As the SRE Lead, you'll establish and lead a dedicated reliability engineering practice from the ground up. Your focus will be on building systems that are inherently stable, scalable, and fault-tolerant, ensuring seamless performance as the platform grows. You'll set the technical and cultural foundation for reliability across engineering teams, driving practices that balance innovation with operational excellence.
Key Responsibilities
- Define and implement service-level objectives, indicators, and error budgets to align engineering speed with system stability
- Design and run chaos engineering exercises to proactively uncover weaknesses before they impact users
- Develop comprehensive runbooks and foster a blameless post-incident learning culture
- Lead performance testing initiatives, including load simulations and architectural assessments for 10x scale
- Automate repetitive operational tasks to reduce toil and free engineers for higher-value work
- Establish defensive design patterns such as circuit breakers, rate limiting, and graceful degradation
- Validate system behavior under stress using synthetic and adversarial workloads
- Integrate observability and resilience practices early in the development lifecycle
- Create frameworks that enable rapid iteration without sacrificing system integrity
- Recruit, develop, and lead a small team of SREs who amplify reliability practices across engineering
- Collaborate with engineering leaders and product teams to elevate how reliability is prioritized and measured
What You Bring
- Proven experience in high-pressure domains like FinTech, payments, or critical SaaS platforms where uptime is essential
- Deep technical fluency in SLO design, observability tooling, automation, and chaos engineering
- Strong grasp of resilient architecture and systems thinking, with a focus on graceful failure modes
- Ability to influence stakeholders and align teams without direct authority
- Leadership experience in hiring, coaching engineers, and setting technical direction
Nice to Have
- Familiarity with investment technology concepts to better align reliability with business needs
- Hands-on experience with Golang, Kubernetes, Google Cloud Platform, Postgres, Kafka, or Datadog
Environment & Culture
The organization values transparency, empowerment, and collective progress.

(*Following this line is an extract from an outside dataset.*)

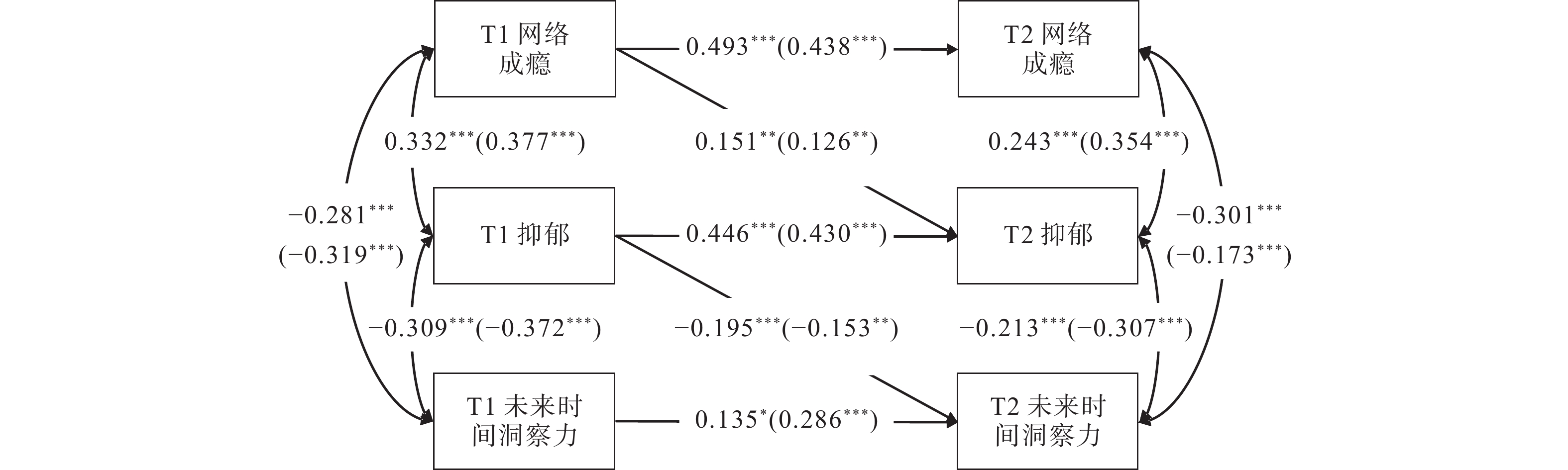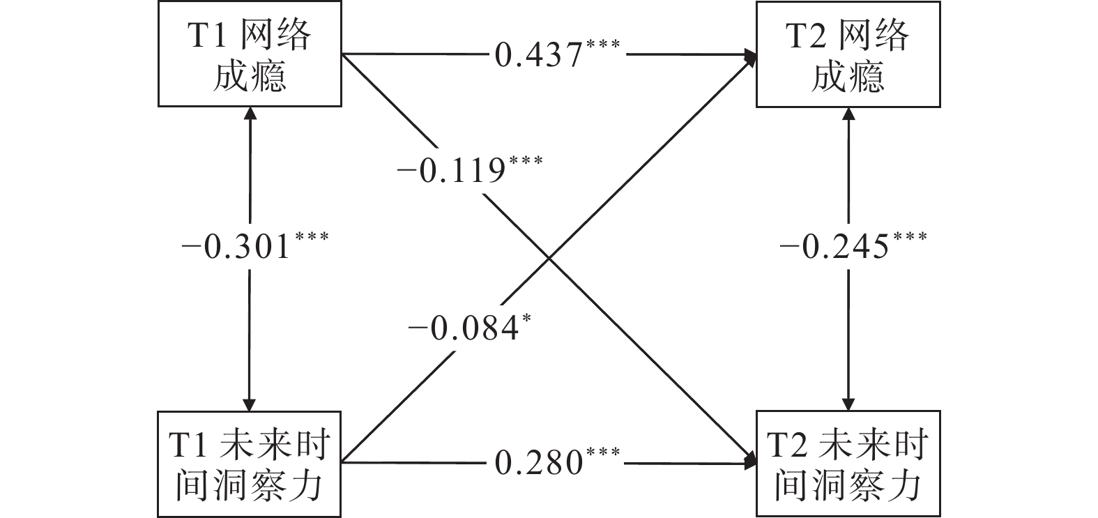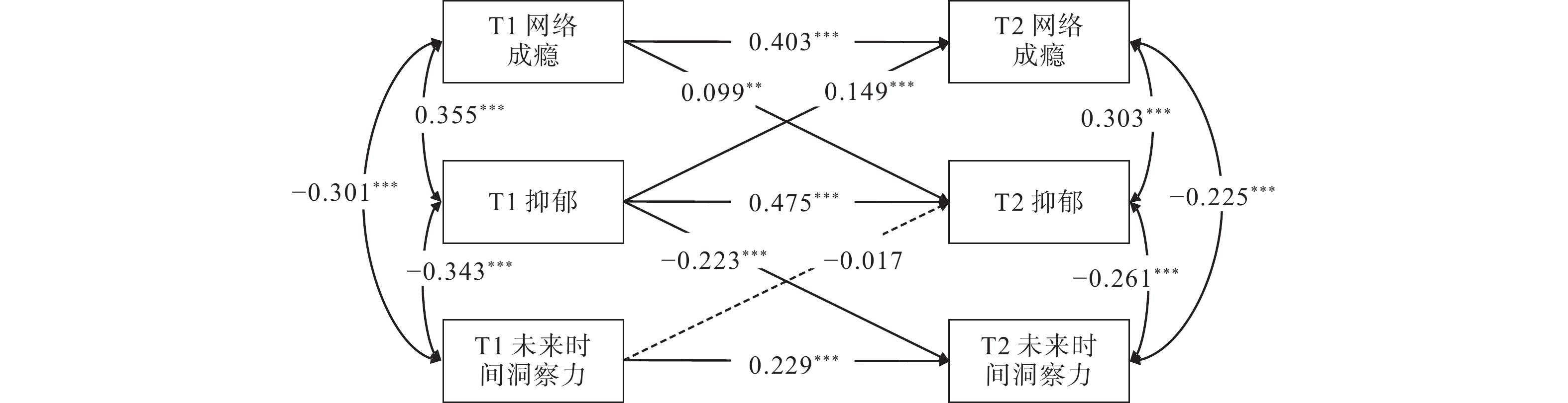 | 4. T2网络成瘾 | −0.001 | −0.046 | 0.462** | |||||
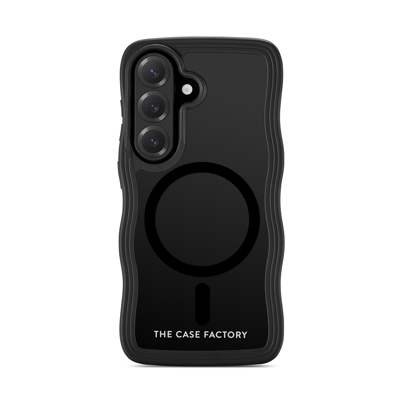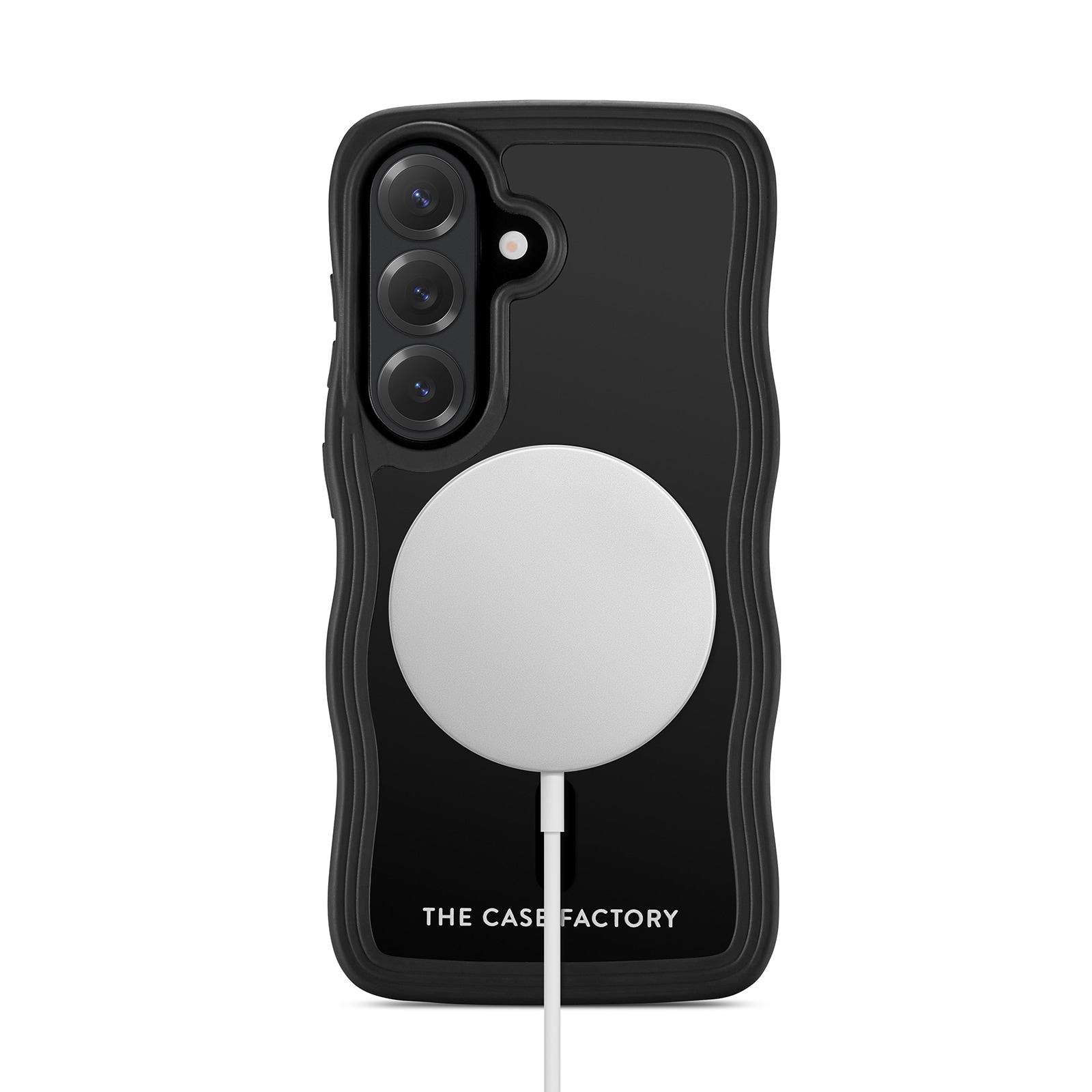 Elegant MagSafe-kompatibelt mobilskal med våginspirerad design till din Samsung Galaxy S26 Plus från The Case Factory. Skalet är tillverkat i stöttålig hårdplast och har en mjuk, flexibel TPU-ram som ger ett unikt och stilrent utseende. Den vågformade ramen gör skalet extra greppvänligt, ligger skönt i handen och minskar risken för att du tappar telefonen.

You'll work in a flexible hybrid model with team hubs in Berlin, Tallinn, and London, involving periodic in-person collaboration in Berlin. The culture emphasizes curiosity, inclusivity, and shared success—where simplifying complexity and owning outcomes are core principles. Continuous learning is supported through development budgets and access to coaching. Diversity and inclusion are actively upheld across all levels of the company.